Джеймс все еще читает, и с каждой секундой он все больше напрягается, все сильнее сжимает кулаки. Я только пробежала глазами интервью, но поняла, что отец Джеймса заявляет, что именно я стою за нашим исчезновением. Они даже поместили фотографию отца, где он стоит и держит в руках фотографию Джеймса в рамке времен средней школы. Абсолютный абсурд.
— Пропаганда, — говорит Даллас, даже хотя мы с Джеймсом сидим молча. — Они уговорили его дать это интервью, чтобы заручиться поддержкой общественности.
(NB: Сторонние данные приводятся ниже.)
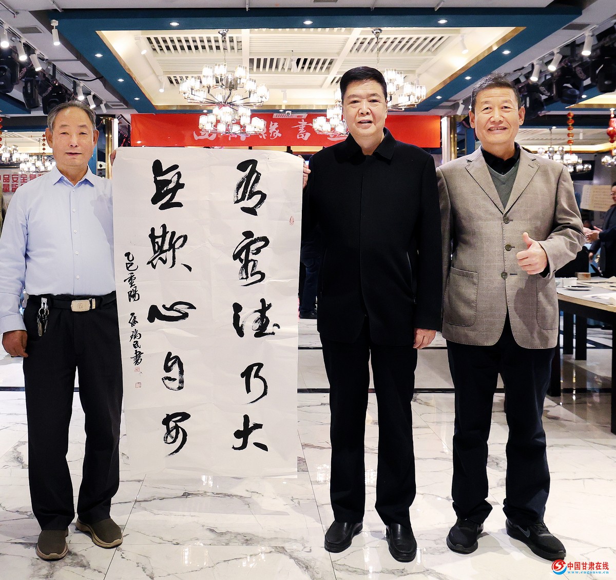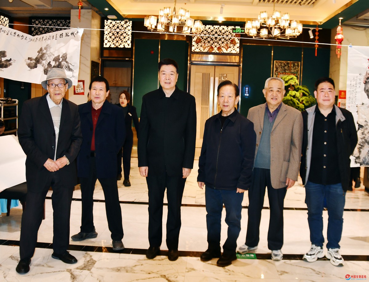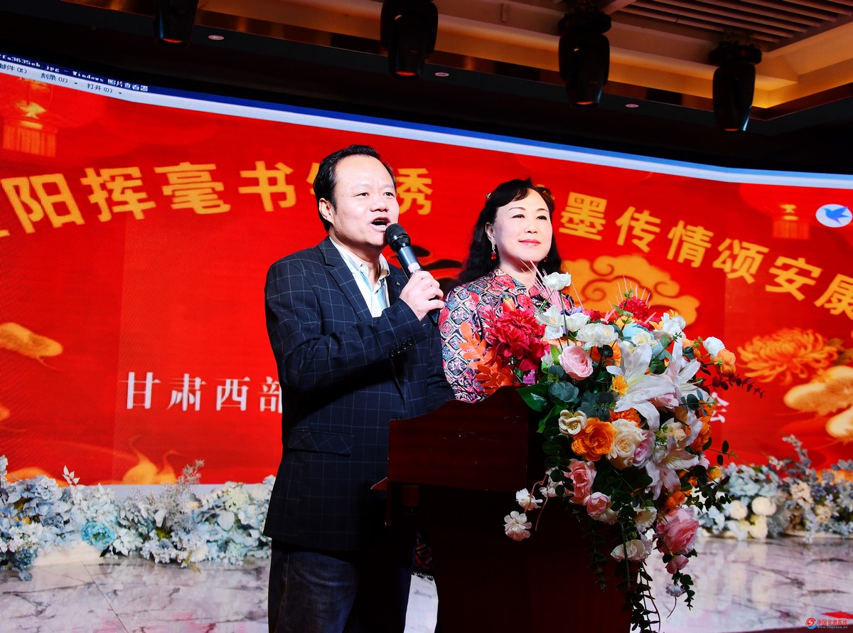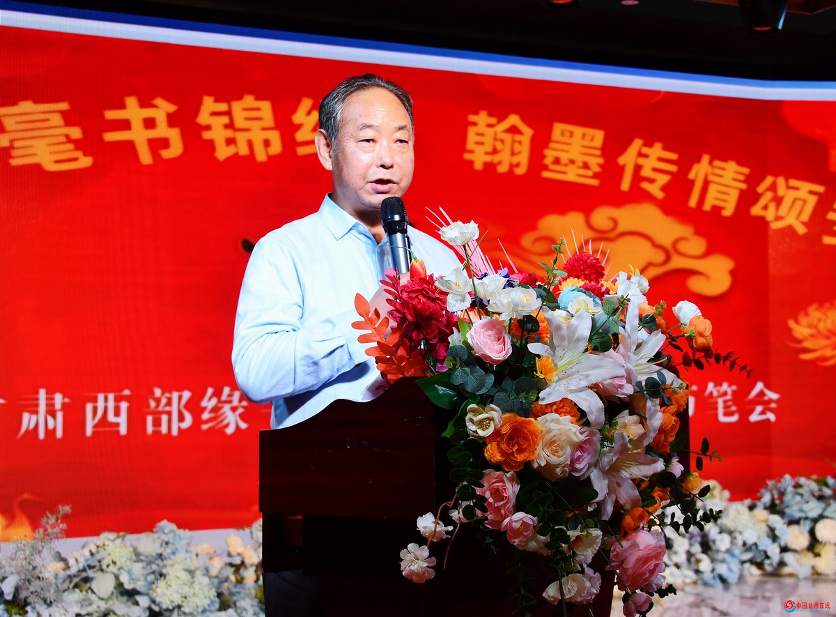 甘肃西部缘书画院辛万毅院长致辞。成立九年来,该院以书画为载体,不断创作和举办具有重要影响力的笔会活动近百余场,吸收有影响力的书画家加入进来,不断壮大发展队伍。通过走出去送书画进万家,以写春联、送文化到基层慰问等多种形式深入实施文化惠民举措,赢得社会各界赞许。尤其在书画创作中,书画院积极践行“书画精神食粮”为先思想。适时关注弱势群体和深入偏远地区为群众带去艺术享受和物质帮扶。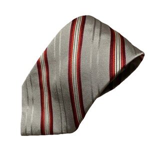 Classic Repp striped tie from Jos A Bank Made in Italy. In fantastic condition. 100% silk. 3.5” wide; 58” long. Silver gray with red, maroon, black and white stripes.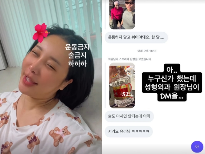 대화 속 의사는 랄랄이 등산을 인증한 영상에 "운동하지 말고 쉬어야 돼요. 한 달..."이라는 조언의 답장을 남겼고, 이어 52도의 술을 인증하자 "술도 마시면 안 되는데 아직. 저기요 유라님 ㅋㅋㅋㅋㅋ"이라며 답장을 보냈다.

Я вам не говорила, чтобы вы не особо волновались.
Я усмехаюсь.
— Правильно, Даллас. Я просто выкину это из головы.
Я смоттрю на Джеймса, пытаюсь понять, как он отреагирует. Наконец он выключает телефон и передает его обратно Даллас. Я кусаю ноготь, жду. Но Джеймс просто скрещивает руки на груди, как будто больше никогда не заговорит.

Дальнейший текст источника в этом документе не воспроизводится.